Such a specialist is expected to have practical knowledge of medical procedures and
applications as well as of the technology, and should be experienced in treating the indications
stated in chapter 1.1.1.
The specialist must have the basic physical and cognitive prerequisites such as vision, hearing
and reading. Furthermore, the basic functions of the upper extremities must be guaranteed.
The instrument is designed for a demographic target group between 18 and 65 years.

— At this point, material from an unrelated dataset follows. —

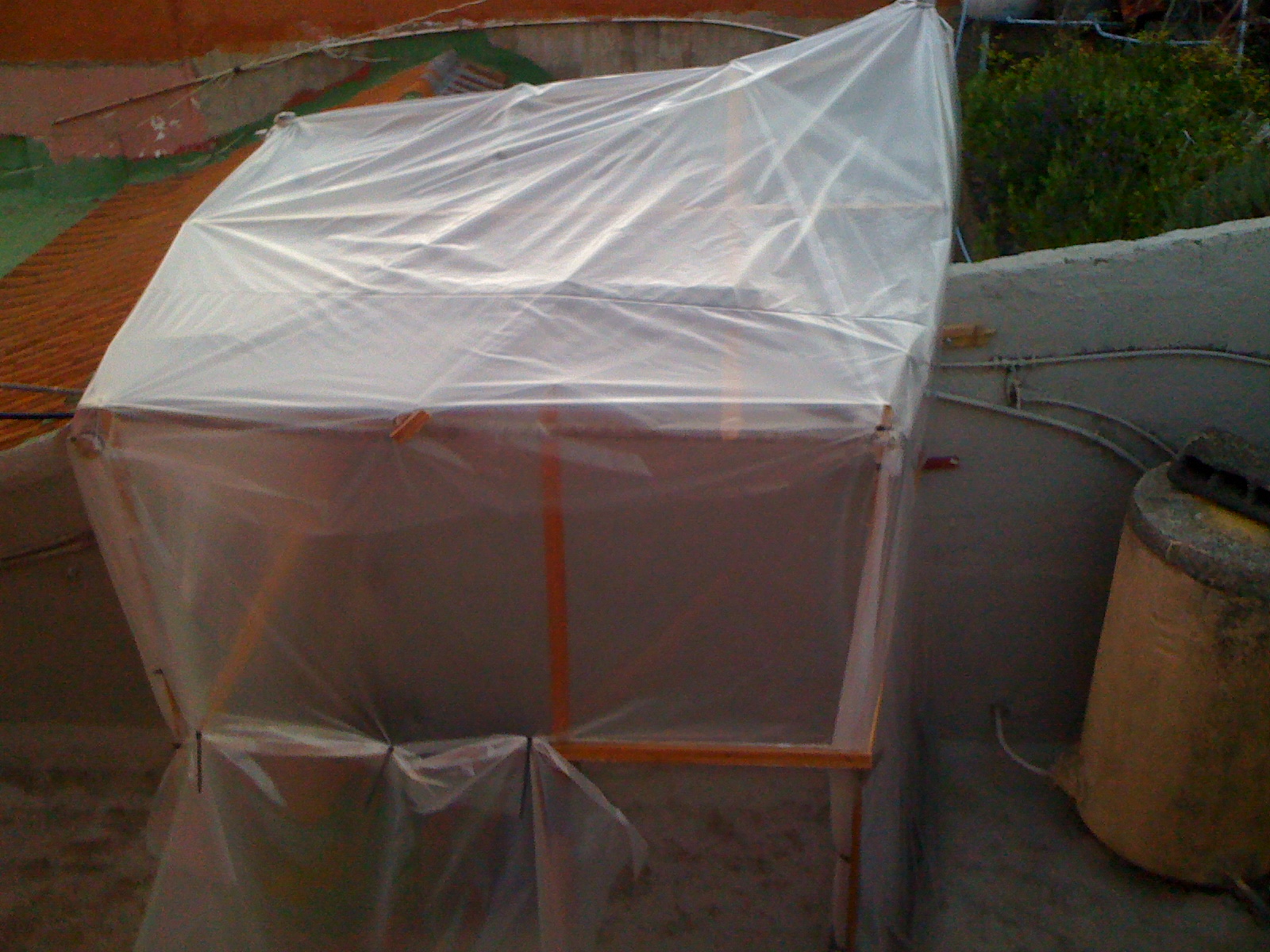 Esto es un ana vista del invernadero de la azotea a travez de la tela

1.3.2 Training of the operator
Operators of the ShockMaster 300 must have been adequately trained in using this system
safely and efficiently before they operate the instrument described in this handbook. An
introduction to the principles of operation can be provided by your dealer with reference to this
operating manual.
The operator must be instructed in the following points:
•Instruction in the operation and designated use of the instrument with practical
exercises
•Mechanism of action and function of the instrument and the energies delivered by it
•All component settings
•Indications for use of the instrument
•Contraindications and side effects of the therapy waves
•Explanation of the warning notes in all operating statuses
•Instruction in how to perform the functional checks
Further training requirements vary from country to country. It is the operator’s responsibility
to ensure that the training meets the requirements of all applicable local laws and regulations.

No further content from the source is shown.